## Data to process
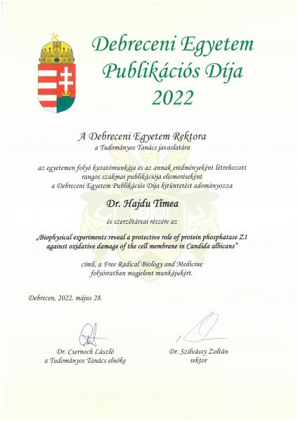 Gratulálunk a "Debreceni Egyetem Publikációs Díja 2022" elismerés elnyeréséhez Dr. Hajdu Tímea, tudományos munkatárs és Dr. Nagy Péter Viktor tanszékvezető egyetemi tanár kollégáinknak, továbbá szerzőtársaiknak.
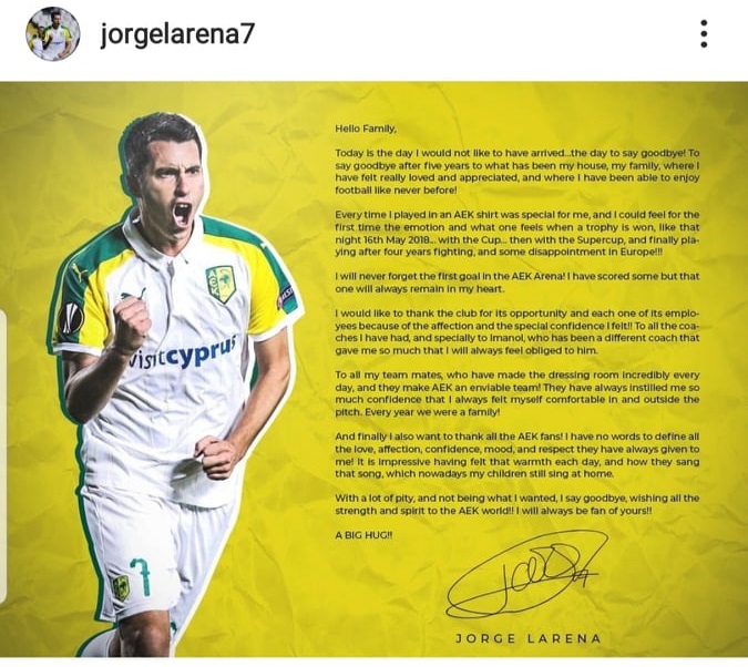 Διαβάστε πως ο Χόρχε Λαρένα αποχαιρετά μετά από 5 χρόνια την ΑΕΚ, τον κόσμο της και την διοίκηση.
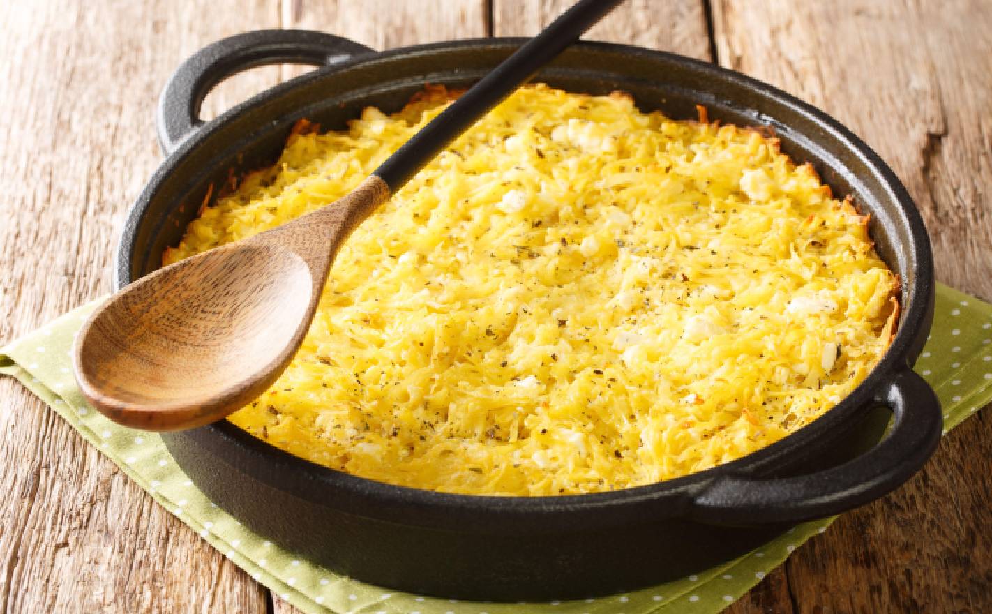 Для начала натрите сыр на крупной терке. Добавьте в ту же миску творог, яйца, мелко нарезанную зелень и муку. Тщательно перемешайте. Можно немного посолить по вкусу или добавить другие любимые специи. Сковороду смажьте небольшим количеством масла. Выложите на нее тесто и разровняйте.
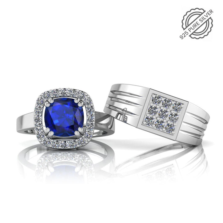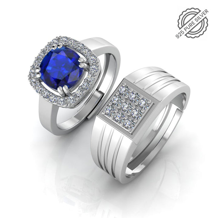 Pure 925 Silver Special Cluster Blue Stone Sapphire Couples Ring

* * *

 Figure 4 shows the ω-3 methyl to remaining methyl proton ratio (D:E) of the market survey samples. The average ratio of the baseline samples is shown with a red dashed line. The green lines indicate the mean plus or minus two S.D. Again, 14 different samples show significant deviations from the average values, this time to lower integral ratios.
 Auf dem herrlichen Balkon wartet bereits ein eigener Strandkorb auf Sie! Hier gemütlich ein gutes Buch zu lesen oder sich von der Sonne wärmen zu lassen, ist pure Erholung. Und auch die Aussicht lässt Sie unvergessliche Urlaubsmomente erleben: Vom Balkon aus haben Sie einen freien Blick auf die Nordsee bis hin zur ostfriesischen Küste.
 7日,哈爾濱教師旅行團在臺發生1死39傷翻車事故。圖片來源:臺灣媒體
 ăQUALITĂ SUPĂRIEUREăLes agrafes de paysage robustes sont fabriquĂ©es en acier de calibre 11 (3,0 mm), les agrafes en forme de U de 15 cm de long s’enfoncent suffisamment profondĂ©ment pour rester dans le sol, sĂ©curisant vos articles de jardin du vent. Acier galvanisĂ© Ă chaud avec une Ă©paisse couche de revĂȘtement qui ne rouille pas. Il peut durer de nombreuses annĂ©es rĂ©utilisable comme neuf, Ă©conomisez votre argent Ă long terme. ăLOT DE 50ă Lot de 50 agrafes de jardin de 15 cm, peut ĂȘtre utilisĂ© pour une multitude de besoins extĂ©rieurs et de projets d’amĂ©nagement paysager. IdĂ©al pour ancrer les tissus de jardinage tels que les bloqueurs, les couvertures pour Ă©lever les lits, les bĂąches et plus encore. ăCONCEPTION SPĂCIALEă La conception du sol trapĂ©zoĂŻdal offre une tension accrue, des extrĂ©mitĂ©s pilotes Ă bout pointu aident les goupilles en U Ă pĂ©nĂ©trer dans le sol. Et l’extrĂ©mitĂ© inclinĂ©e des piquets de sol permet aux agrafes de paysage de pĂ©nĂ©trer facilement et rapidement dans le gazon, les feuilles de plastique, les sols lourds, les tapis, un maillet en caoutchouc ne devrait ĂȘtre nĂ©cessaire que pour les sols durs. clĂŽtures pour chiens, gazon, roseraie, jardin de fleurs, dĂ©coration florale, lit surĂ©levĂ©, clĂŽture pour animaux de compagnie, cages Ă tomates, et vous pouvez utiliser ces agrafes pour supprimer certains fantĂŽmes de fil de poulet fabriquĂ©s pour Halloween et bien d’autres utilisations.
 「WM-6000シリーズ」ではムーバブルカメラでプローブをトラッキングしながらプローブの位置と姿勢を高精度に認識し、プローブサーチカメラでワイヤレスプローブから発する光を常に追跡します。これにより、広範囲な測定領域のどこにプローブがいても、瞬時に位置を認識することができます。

## Exercise requirements
Take the material above from the line bearing "kollégáinknak, továbbá szerzőtársaiknak." through the line bearing "Διαβάστε πως ο" and write it out exactly, both end lines included. Pictures stay out.

## Response to the exercise
 Gratulálunk a "Debreceni Egyetem Publikációs Díja 2022" elismerés elnyeréséhez Dr. Hajdu Tímea, tudományos munkatárs és Dr. Nagy Péter Viktor tanszékvezető egyetemi tanár kollégáinknak, továbbá szerzőtársaiknak.
 Διαβάστε πως ο Χόρχε Λαρένα αποχαιρετά μετά από 5 χρόνια την ΑΕΚ, τον κόσμο της και την διοίκηση.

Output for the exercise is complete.